The papers so far mentioned highlight disputes about the relationship of functions to teleology and what that means for various issues outside the functions literature. Two other papers in this issue show why debates about functions are still relevant to philosophy of science. In “A Persistence Enhancing Propensity Account of Ecological Function to Explain Ecosystem Evolution” Antoine Dussault and Frederic Bouchard argue for an extension of causal-role accounts of function, specifically those that are forward-looking such as Bigelow and Pargetter’s fitness enhancing account, can be extended to capture function ascriptions in ecology. While accounts of biological function have typically been designed to capture the functional organization of organisms, Dussault and Bouchard argue that not only can such an account accommodate functional organization at the ecosystemic-level but that doing so helps to reconcile ecology and evolutionary biology, providing us a mechanism for thinking about the functional organization and evolution of ecosystems.

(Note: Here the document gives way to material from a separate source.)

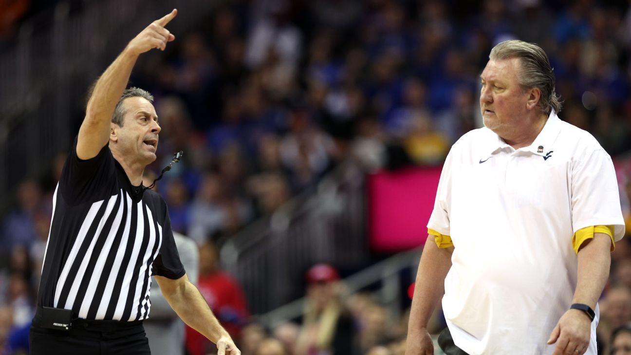 Bob Huggins tossed from West Virginia Mountaineers-Kansas Jayhawks Big 12 men's basketball tournament clash - ESPN
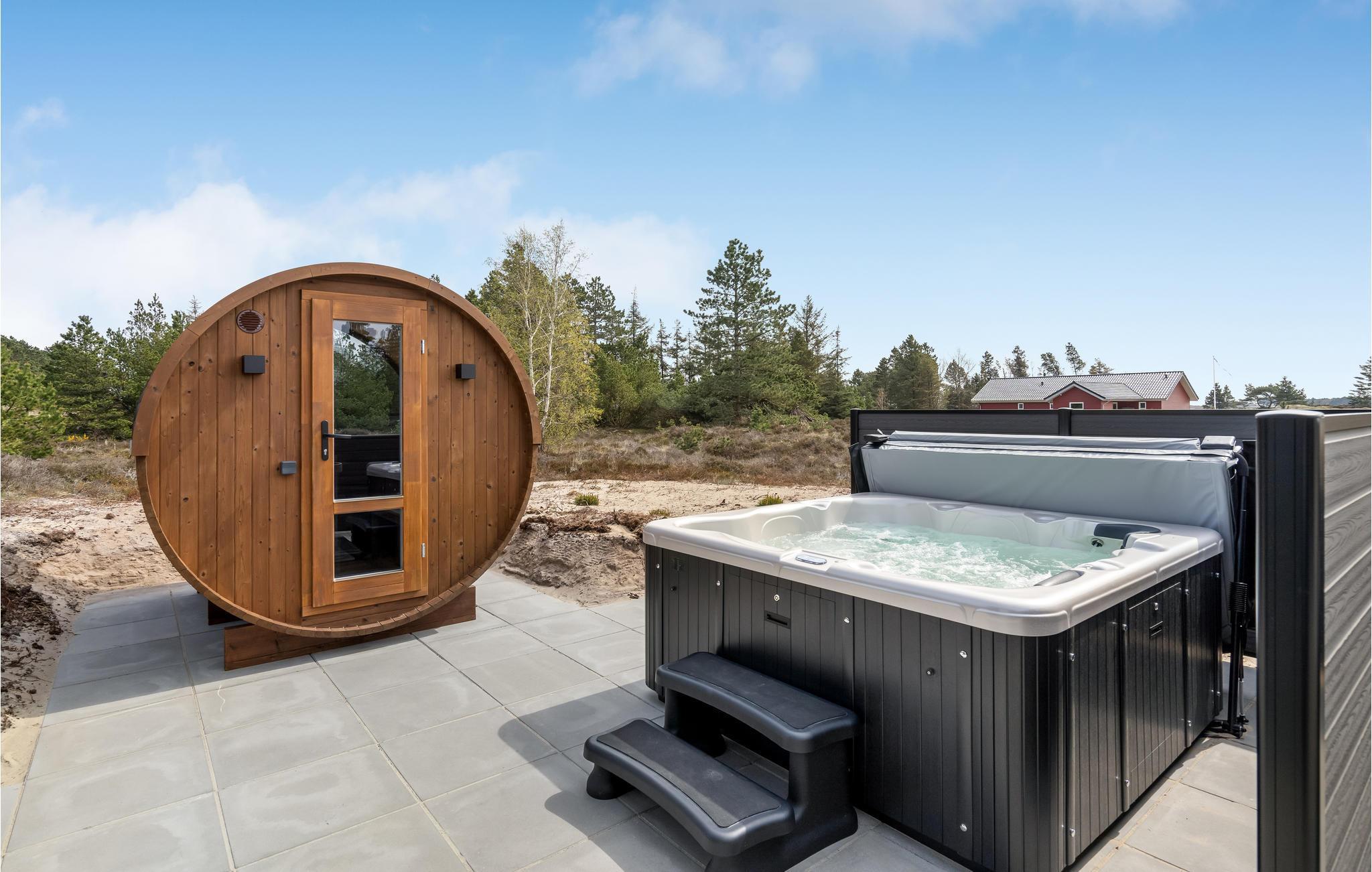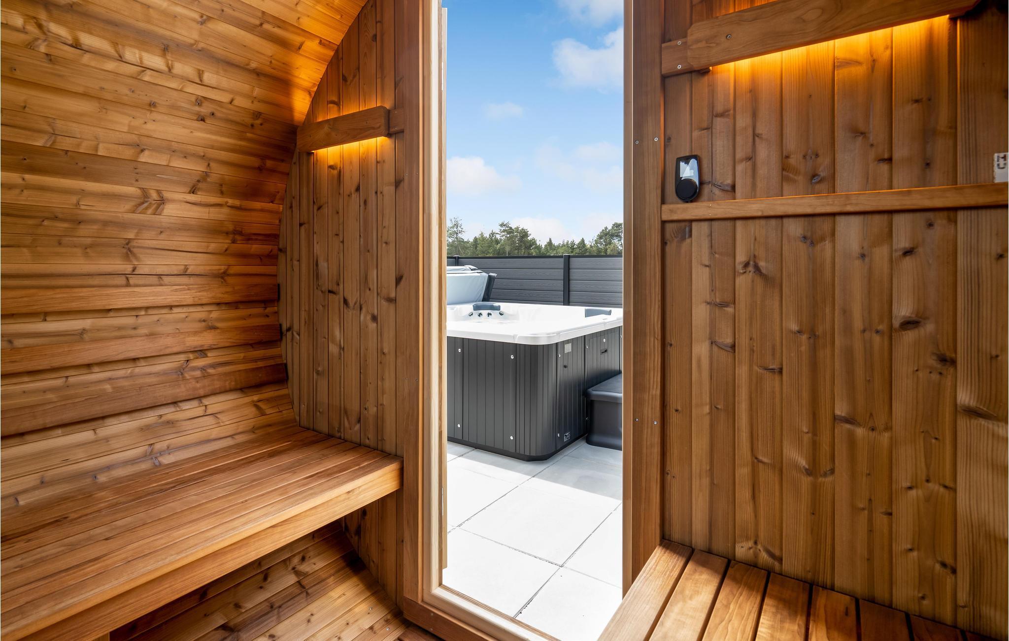 I kan også se frem til et skønt udeområde. Læn jer tilbage i spabadet, få varmen i tøndesaunaen eller nyd solen på terrassen. Der er også legeredskaber til de mindste, så her kan hele familien få mange timer til at gå.

In “Functional Analysis and Species Design” Karen Neander extends on the important work she has done on functions over the last several decades. In particular she takes issue with the apparently well-established consensus amongst function theorists that functional biologists such as physiologists and neurophysiologists appeal to Cummins functions in explaining the workings of bodies and brains. Neander argues that function theorists should not rest assured that Cummins functions are superior to selected functions as candidates for answering How-questions. Her central claim is that what she characterises as normal-proper functions of system components are of explanatory significance in functional biology. Still, such normal-proper functions are neither Cummins functions, nor are they causally efficacious properties of their bearers. Thus, Neander concludes that selected functions as characterised by the etiological theory are good candidates for being normal-proper functions and may thus serve the explanatory needs of functional biologists.

One of the main selling points of the etiological theory of functions defended by Neander is that it promises to provide a non-intentional basis for accounting for the teleological nature of biological functions. The final paper of the issue takes up a recent objection to the etiological theory of function. According to the circularity objection, there is no coherent, non-circular way to determine whether two trait tokens are of the same trait type. In the final paper of the issue, “Two Arguments for the Etiological Theory over the Modal Theory of Biological Function”, Brain Leahy and Maximilian Huber defend the etiological theory against this objection in part by providing arguing that homology is an adequate way of individuating trait types.